Could you please turn the light …

Which word would you choose after the word ‘light’?

The most likely contenders would be the prepositions ‘on’ or ‘off’, both of which are plausible options. What about less likely contenders? A native speaker of standard English would be unlikely to insert the words ‘under’, ‘beneath’, or ‘horse’ as the next word in this sentence.

So, a basic language model that predicts the next word in a sentence must go beyond the simple act of randomly picking words from a pre-defined list. It must be able to assign the probability of a word appearing as the next possible word given how a sentence has been constructed thus far.

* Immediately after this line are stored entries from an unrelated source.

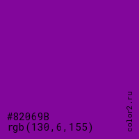 Цвет #82069B в цветовой модели RGB обозначается тремя октетами (130, 6, 155) в десятичном формате и #82069B в шестнадцатиричном (hex) формате, которые являются интенсивностью красного 130 (hex 82), интенсивность зелёного 6 (hex 06) и интенсивность синего 155 (hex 9B).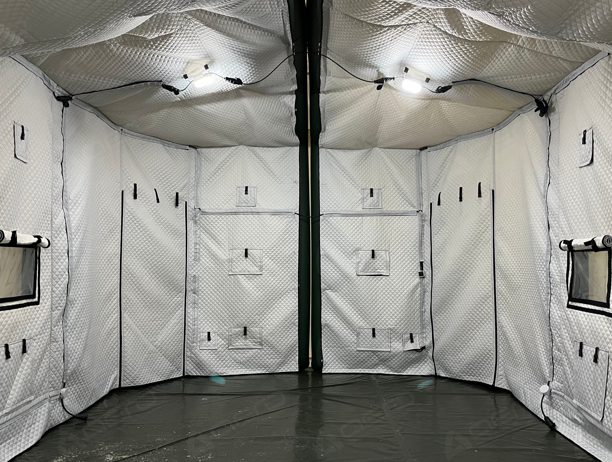 На внутреннем тенте предусмотрены крепления для кабелей электропитания в виде закрытых кабель-каналов из ткани, крепления для светодиодных светильников, а также дублирование технологических отверстий внешнего тента | 2 шт. |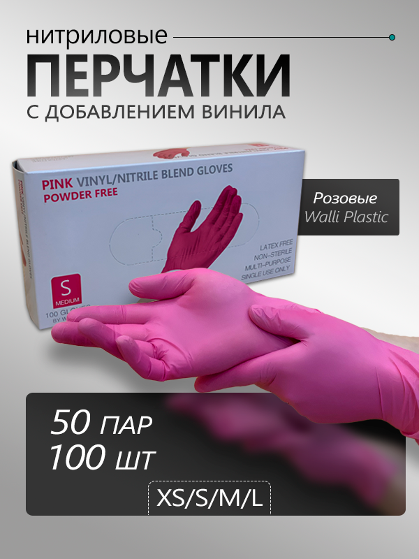 Перчатки одноразовые Wally Plastic, размер L, 100 шт, 50 пар розовые, нитриловые/виниловые хозяйственные, садовые, мытья посуды, уборки, для готовки, косметические, для сада и огорода, шугаринга, резиновые, латексные, нейлоновые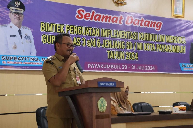 Payakumbuh | tipikal.com – Pj Wali Kota Payakumbuh, Suprayitno, resmi membuka Bimbingan Teknis (Bimtek) Penguatan Implementasi Kurikulum Merdeka untuk guru kelas 3 sampai kelas 6 jenjang SD/MI se-Kota Payakumbuh.
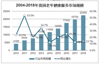 盡管中國老年健康服務目前仍處于初始發展階段,但近年來國家出臺了一些扶持政策,市場空間逐漸打開。2010年,我國老年健康服務市場規模為4199億元,2018年發展到22456億元,2004-2018年,年均復合增長率達到23%。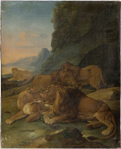 Editor: Here we have Eugène Delacroix's "Two Lions Resting," held at the Harvard Art Museums. It looks like a watercolor, and I’m struck by how detailed the lions' fur is. What can you tell me about this work? Curator: Consider the materials Delacroix chose: watercolor on paper. How does that medium itself relate to the subject matter of untamed animals? Was watercolor considered a 'lesser' medium then, and if so, what statement might Delacroix be making by depicting powerful creatures with it? Editor: I never thought about the material that way. So, it’s about elevating the medium itself? Curator: It's about interrogating the social hierarchy around art making, the work involved, and the value ascribed to different forms of labor, both artistic and perhaps even the labor of the animals themselves. What does it mean to depict them "resting"? Editor: It’s made me think differently about how artists and society value the materials used in art.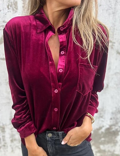 Dam Skjorta Sammet Elegant Blus Ficka Knappar Ensfärgat Elegant Stylish Långärmad Tröjkrage Vanliga toppar Arbete Helgdag Utekväll Armégrön Fuchsia Brun Vår Höst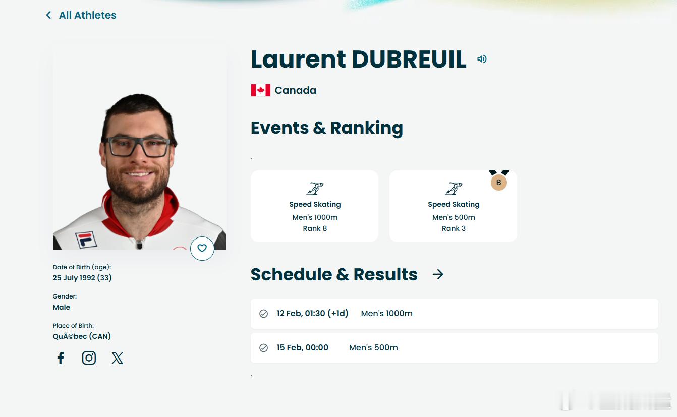 Laurent Dubreuil,本届冬奥速滑男子500米季军。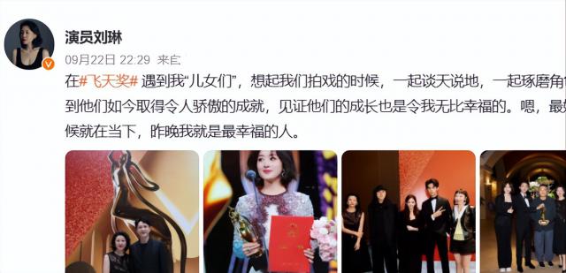 但是活动结束后,她的演讲更加温暖。她说她在飞天奖上看到了自己的孩子,见证了他们的成长,让她感到无比幸福。她昨晚是最幸福的。还搭配了几张照片。在照片中,是曾经和她搭档,演过孩子的演员。
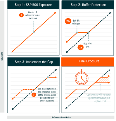 In caso di mercati in ribasso, l’investitore subirà perdite su un periodo trimestrale solo se queste supereranno il 5%. In un trend rialzista, l’investitore riceverà l’intero rialzo dell’S&P 500 fino a un determinato limite massimo, a seconda del prezzo di esercizio della sua covered call.

4. Bigrams: calculating the probability of a sentence

To generate a sentence, you need to be able to predict the next word based on the probability that a particular word would occur. There are a few ways of going about this. However, a simple model to start with is the bigram language model.

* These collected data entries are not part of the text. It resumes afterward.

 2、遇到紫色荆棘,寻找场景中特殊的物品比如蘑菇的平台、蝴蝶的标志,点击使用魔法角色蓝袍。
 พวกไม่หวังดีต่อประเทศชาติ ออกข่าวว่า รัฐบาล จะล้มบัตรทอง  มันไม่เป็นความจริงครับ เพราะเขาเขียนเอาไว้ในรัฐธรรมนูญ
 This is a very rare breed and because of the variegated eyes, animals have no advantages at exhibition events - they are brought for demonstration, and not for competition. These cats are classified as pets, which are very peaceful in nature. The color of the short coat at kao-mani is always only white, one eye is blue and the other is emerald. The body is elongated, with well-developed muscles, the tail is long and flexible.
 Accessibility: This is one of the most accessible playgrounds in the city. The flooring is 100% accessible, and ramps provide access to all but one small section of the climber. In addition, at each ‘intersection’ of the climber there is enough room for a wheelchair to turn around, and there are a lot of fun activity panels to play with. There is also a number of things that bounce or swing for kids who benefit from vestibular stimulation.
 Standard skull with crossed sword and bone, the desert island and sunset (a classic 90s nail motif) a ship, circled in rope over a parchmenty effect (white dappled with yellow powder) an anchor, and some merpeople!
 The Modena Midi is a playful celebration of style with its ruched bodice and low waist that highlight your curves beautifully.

The bigram language model calculates probabilities of each word occurring in a sentence, based on the probability of that particular word occurring after the previous word in the sentence. It segregates sentences into pairs of words that occur next to each other, and makes calculations based on these pairing patterns.

Let’s take the full sentence example: “Could you please turn the light off”. If that partial sentence were divided up into adjacent word pairs, it would be divided into six sections, like below:

1)	(“Could”, “you”)

2)	(“you”, “please”)

3)	(“please”, “turn”)

4)	(“turn”, “the”)

5)	(“the”, “light”)

6)	(“light”, “off”)

Each of these sections could be assigned probabilities. That is, each word pair (bigram) could be given a probability of occurring based on how often that word pairing occurs in a language, out of all the word pairings that ever occur in a language. In the table below, I assigned some made-up probabilities to each bigram from “Could you please turn the light off” to demonstrate how bigrams could get assigned probabilities based on how frequently they occur in a language.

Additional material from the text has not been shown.